Accounting firms Ernst & Young and KPMG have worked together on creating a strong financial model to see how much is really needed to end poverty. It appeared that not much is needed financially in relation to what the western world consumes on daily basis. The bottom line: when all multinationals in the world dedicate 5% of their annual revenues to this cause – now called “social responsibility tax” (SRT) – sufficient funds are collected to complete this project by 2020, or even earlier. *The real definition for ending poverty is that every country in the world receives a real change to become developed and self-sufficient, while not easily able to fall back under the poverty threshold.

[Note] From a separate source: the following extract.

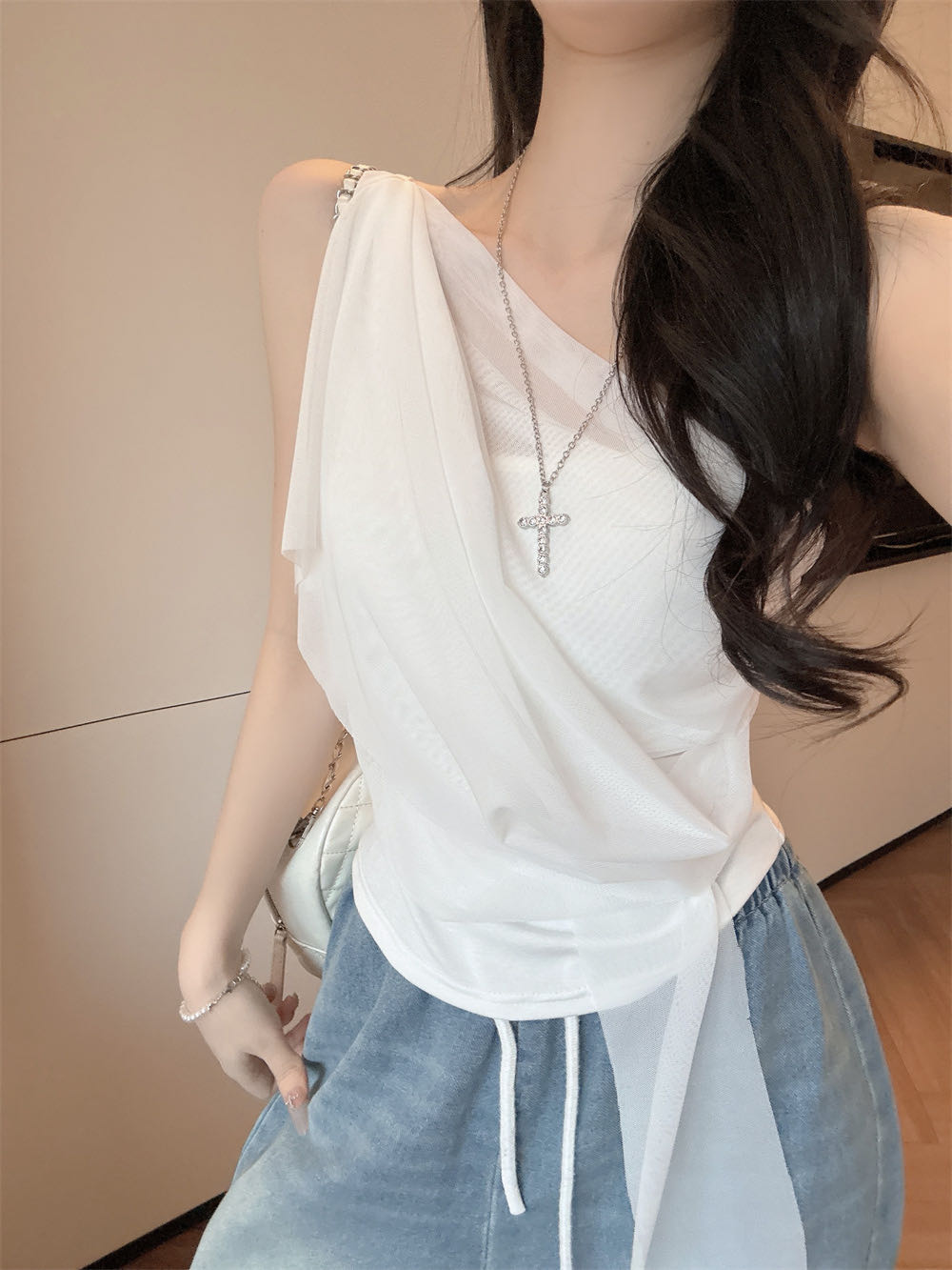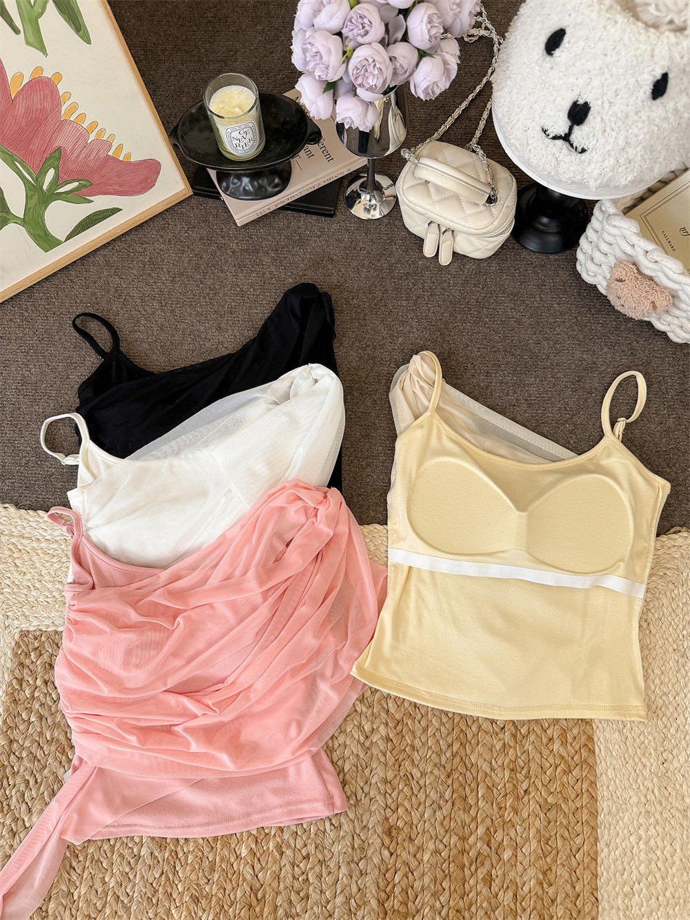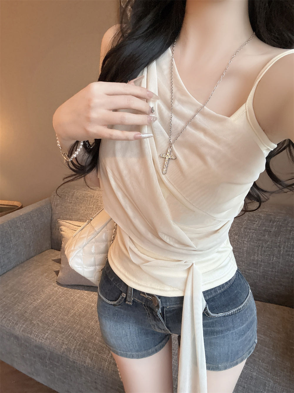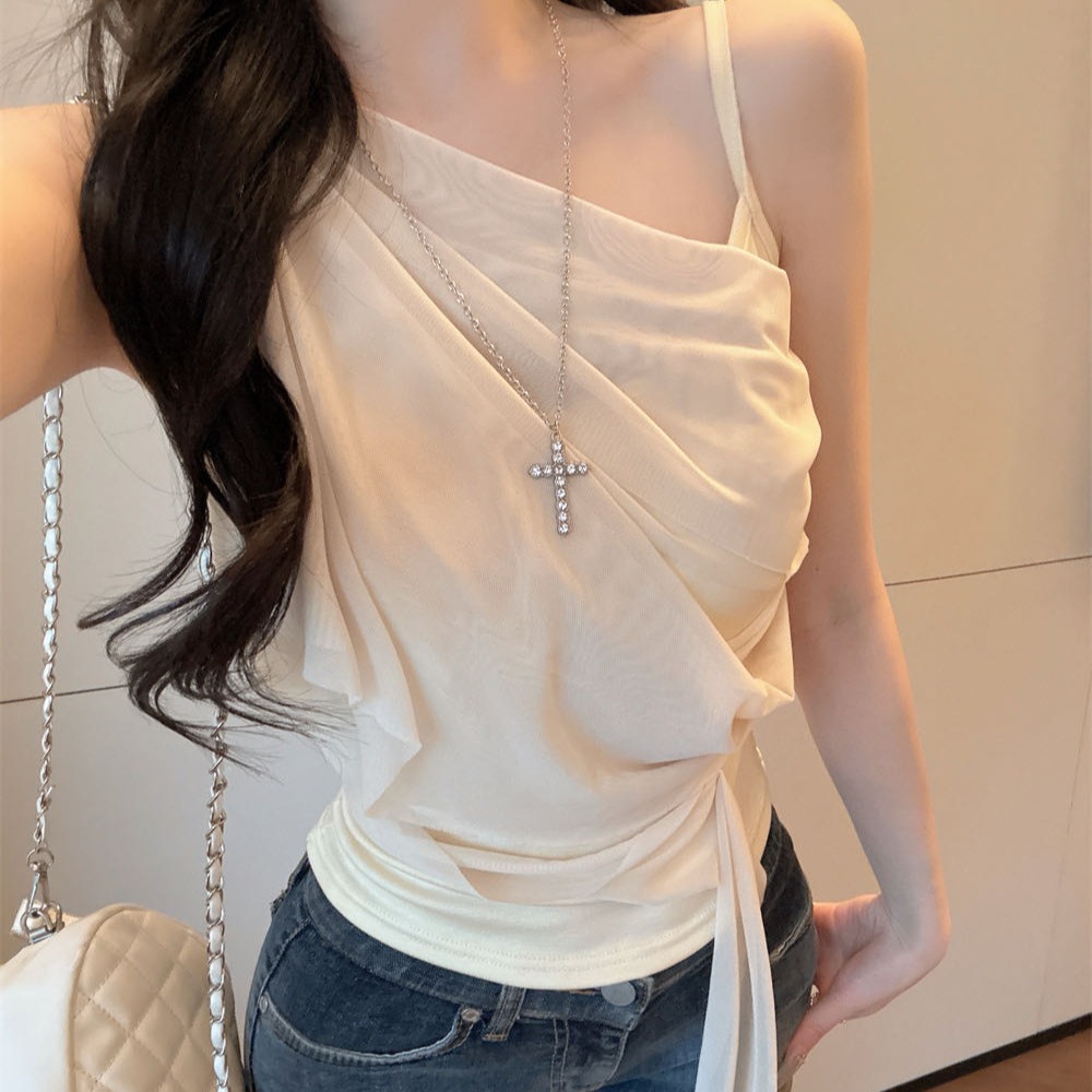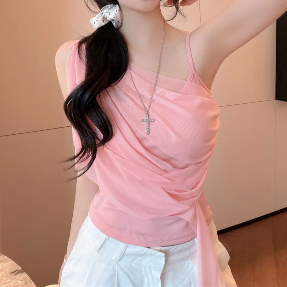 순수한 욕망 바람 디자인 센스 망사 불규칙 패치워크 조끼 슬립 여성 여름 새로운 핫걸 몸매 가꾸기 쇼트 스타일 맨위
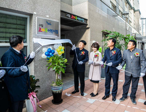 | ▲ 구립 코아루 어린이집 개원식에서 박형우 구청장(오른쪽에서 네번째)과 관계자들이 현판을 제막하고 있다. (사진제공=계양구청) | ||

It was agreed that a clear distinction between bodies is present financially: the Social Responsibility Tax (SRT) will only be charged to businesses, while governments and existing aid organisations actually use these funds to re-organise, execute, and manage their joint manpower to deliver on project milestones.

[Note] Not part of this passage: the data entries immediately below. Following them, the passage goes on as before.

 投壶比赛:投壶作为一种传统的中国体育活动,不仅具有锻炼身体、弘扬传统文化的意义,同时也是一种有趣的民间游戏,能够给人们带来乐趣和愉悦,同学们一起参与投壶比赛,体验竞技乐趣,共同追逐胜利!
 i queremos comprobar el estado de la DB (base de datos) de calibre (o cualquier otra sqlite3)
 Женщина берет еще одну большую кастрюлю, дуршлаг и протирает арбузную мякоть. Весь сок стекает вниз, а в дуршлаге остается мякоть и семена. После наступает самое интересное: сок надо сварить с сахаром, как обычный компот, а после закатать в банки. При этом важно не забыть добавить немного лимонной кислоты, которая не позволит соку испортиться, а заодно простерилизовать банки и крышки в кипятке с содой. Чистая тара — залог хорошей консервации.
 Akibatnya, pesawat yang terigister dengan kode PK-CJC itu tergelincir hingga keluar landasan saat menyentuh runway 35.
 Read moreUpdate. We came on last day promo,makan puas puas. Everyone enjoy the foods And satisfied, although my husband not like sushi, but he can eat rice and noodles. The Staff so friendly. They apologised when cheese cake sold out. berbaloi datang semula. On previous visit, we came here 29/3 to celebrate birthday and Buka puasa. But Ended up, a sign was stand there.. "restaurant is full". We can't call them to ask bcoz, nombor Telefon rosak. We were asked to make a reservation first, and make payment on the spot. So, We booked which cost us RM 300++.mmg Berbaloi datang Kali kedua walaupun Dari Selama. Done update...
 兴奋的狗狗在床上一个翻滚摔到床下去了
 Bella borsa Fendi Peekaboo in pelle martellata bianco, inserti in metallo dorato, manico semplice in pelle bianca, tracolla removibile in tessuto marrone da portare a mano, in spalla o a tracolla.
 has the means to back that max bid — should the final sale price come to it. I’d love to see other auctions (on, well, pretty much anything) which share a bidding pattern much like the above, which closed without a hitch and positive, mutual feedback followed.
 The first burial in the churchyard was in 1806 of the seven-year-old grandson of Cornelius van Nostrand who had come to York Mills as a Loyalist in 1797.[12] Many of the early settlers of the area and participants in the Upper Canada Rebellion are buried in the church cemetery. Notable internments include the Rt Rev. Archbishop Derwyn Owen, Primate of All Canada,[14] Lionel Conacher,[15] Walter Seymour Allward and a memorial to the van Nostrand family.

Also a great number of machinery and other instruments are needed to build and (after 2020) maintain land and building the infrastructure in the South. Industrial equipment manufacturers Caterpillar, IEM, ABB, and 7 smaller firms delivered on their promise and are currently finalizing with inventorying what is precisely needed for this project. A large number of microfinancing deals will be made -at affordable rates- with governments and villages. Management of all microfinancing is done by UBS bank and Zurich Insurance (called Farmer’s insurance in the USA).

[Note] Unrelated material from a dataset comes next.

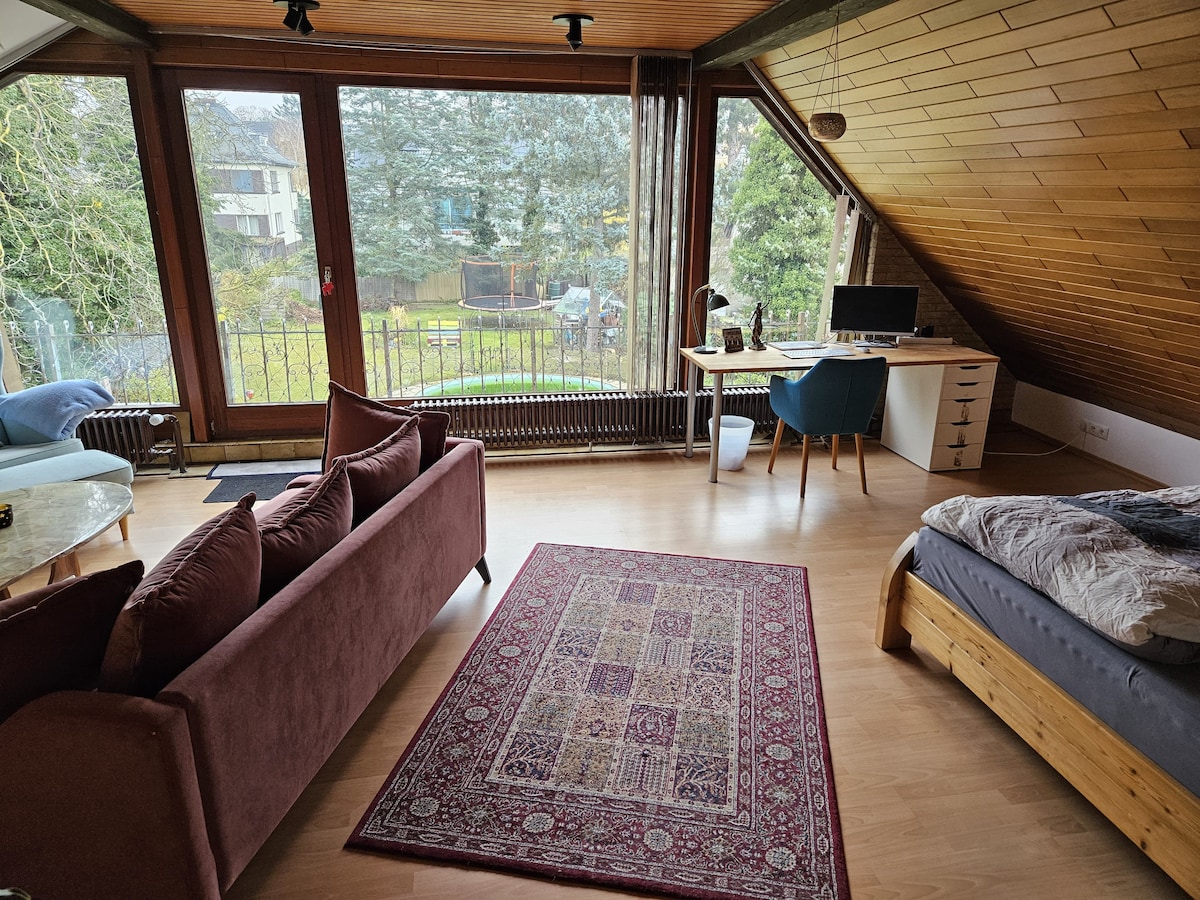Nuestro luminoso apartamento en la azotea con sus vigas de madera de 150 años se encuentra en medio de un barrio encantador. Cuenta con una cocina pequeña pero elegante y un baño de lujo, equipado con ducha de efecto lluvia y sauna finlandesa. Ofrecemos Netflix, TV por cable e internet de muy alta velocidad. Tu estancia con nosotros será neutra en carbono, ya que compensamos completamente nuestras emisiones. El apartamento tiene capacidad para hasta 3 adultos o 2 adultos con niños.

On average, every year 2.3 million graduates are doing an “end poverty” internship or “life changing trip” to build a school or well in Africa, etc. This army of students will be trained and managed on the ground by the global pool of existing experienced aid workers trained by Unicef and 19 other aid organisations with long-standing experience. Employment agency Adecco has promised to handle all overall coordination of the HR, investing their annual 5% SRT in man-hours as well. Addecco shines as it leads by example: they have just set up a temporary “end poverty by 2020″ headquarters in Amsterdam! Of course, Adecco -and all the other multinationals already participating- see the immense benefits of the new economy that is commencing in 2021, which they are helping to create. New and emerging markets do not only provide great chances for interesting investments, but these countries will lead through innovation – which is just plain exiting to be part of!
In Summary
The above described community driven project accelerates and synergises all current aid activity with the tangible purpose to end poverty before 2020. The Internet did not only enable the possibility to globally work together, but also plays a major role in the educational part of this project. The existing human, technological, and financial resources available are definitely sufficient to end poverty. However, because synergies between aid organisations, businesses, students, volunteers, and governments were before not possible as the Internet did not yet exist in its form today. Also, previous similar initiatives always diluted because of its bigness on its own and the never-abundant problems in the world (war, natural disasters, economy, etc). For these reasons “ending poverty” was not a realistic goal before … until now.